◆ TASK TO CARRY OUT: For the listing below, return the line containing "Middle-aged suit men's", the line containing "おむつやシーツ、ちゅ~るやレトルトフードなどご支援いただきました。", and all lines in between, exactly as written and nothing else.

--- MATERIAL FOR THIS TASK Enclosed Below ---

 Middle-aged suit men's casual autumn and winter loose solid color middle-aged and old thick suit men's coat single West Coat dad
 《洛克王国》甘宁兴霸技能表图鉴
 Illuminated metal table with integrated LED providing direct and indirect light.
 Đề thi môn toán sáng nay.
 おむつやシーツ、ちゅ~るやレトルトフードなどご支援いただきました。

--- End of Enclosed MATERIAL FOR THIS TASK ---
--- MATERIAL FOR THIS TASK Enclosed Below ---

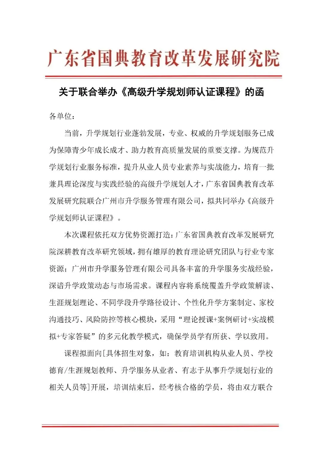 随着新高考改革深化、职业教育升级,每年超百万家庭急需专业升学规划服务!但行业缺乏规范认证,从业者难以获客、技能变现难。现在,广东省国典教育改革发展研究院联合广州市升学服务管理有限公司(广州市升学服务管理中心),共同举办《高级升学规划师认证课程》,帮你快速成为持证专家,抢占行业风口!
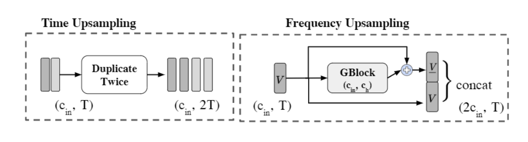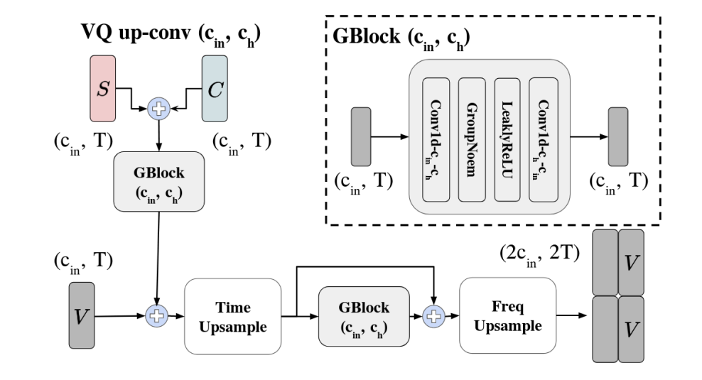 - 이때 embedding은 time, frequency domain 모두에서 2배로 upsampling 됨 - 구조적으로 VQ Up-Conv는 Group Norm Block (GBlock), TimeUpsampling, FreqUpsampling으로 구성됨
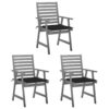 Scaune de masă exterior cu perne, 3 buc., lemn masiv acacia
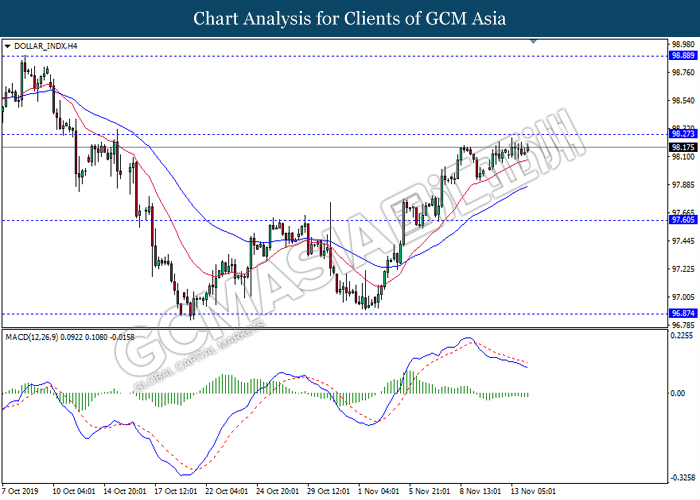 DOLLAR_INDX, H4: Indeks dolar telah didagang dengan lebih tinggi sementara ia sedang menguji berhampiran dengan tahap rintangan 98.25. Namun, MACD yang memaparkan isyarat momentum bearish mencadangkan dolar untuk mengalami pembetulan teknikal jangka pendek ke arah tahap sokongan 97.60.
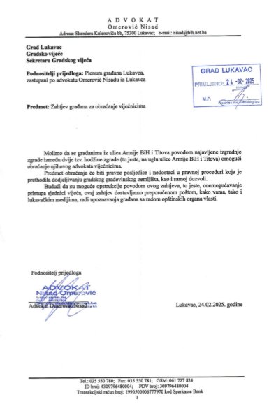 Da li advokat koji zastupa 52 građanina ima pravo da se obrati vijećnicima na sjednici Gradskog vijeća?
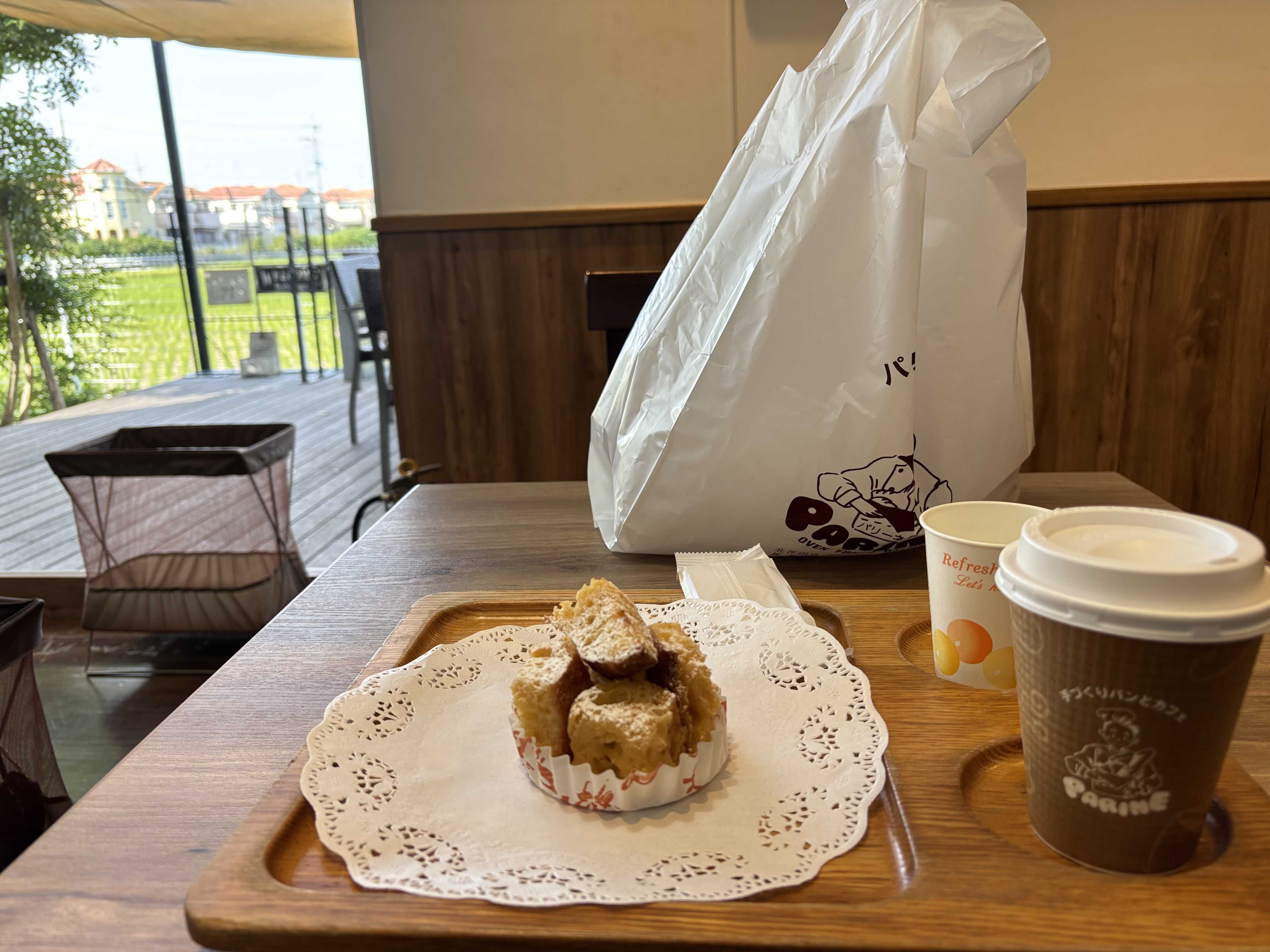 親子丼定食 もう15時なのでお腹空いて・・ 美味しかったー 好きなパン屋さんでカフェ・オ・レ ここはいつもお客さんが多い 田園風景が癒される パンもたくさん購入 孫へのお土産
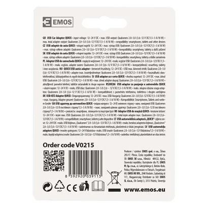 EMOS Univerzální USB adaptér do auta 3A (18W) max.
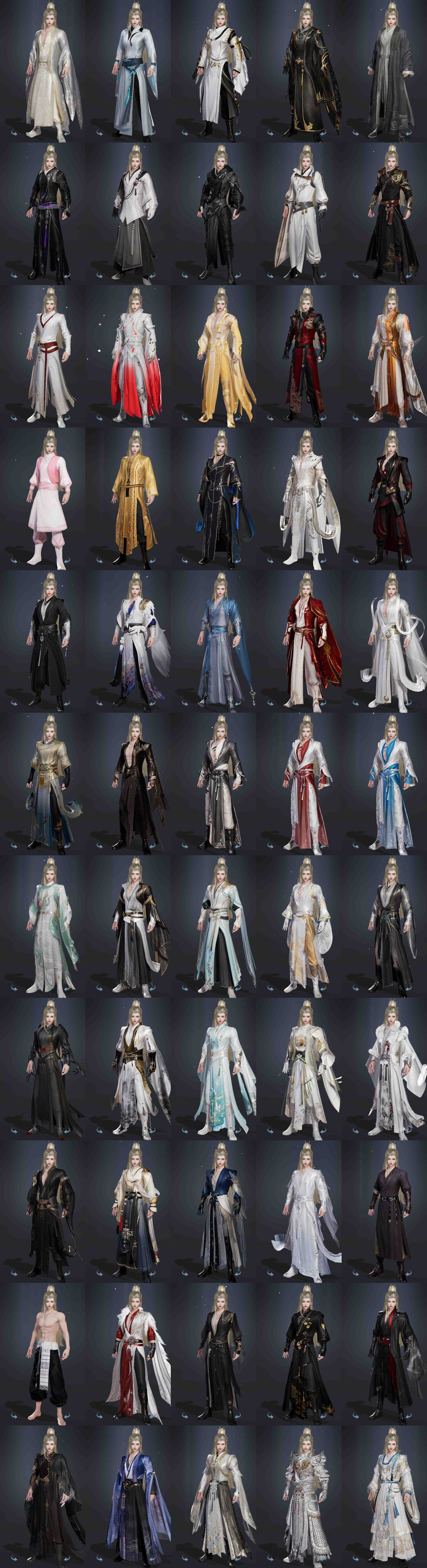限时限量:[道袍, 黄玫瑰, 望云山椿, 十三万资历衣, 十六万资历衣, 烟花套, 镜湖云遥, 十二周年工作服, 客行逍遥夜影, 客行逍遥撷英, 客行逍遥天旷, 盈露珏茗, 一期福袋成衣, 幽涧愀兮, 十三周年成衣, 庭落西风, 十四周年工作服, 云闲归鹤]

--- End of Enclosed MATERIAL FOR THIS TASK ---

◆ RESPONSE:
 Middle-aged suit men's casual autumn and winter loose solid color middle-aged and old thick suit men's coat single West Coat dad
 《洛克王国》甘宁兴霸技能表图鉴
 Illuminated metal table with integrated LED providing direct and indirect light.
 Đề thi môn toán sáng nay.
 おむつやシーツ、ちゅ~るやレトルトフードなどご支援いただきました。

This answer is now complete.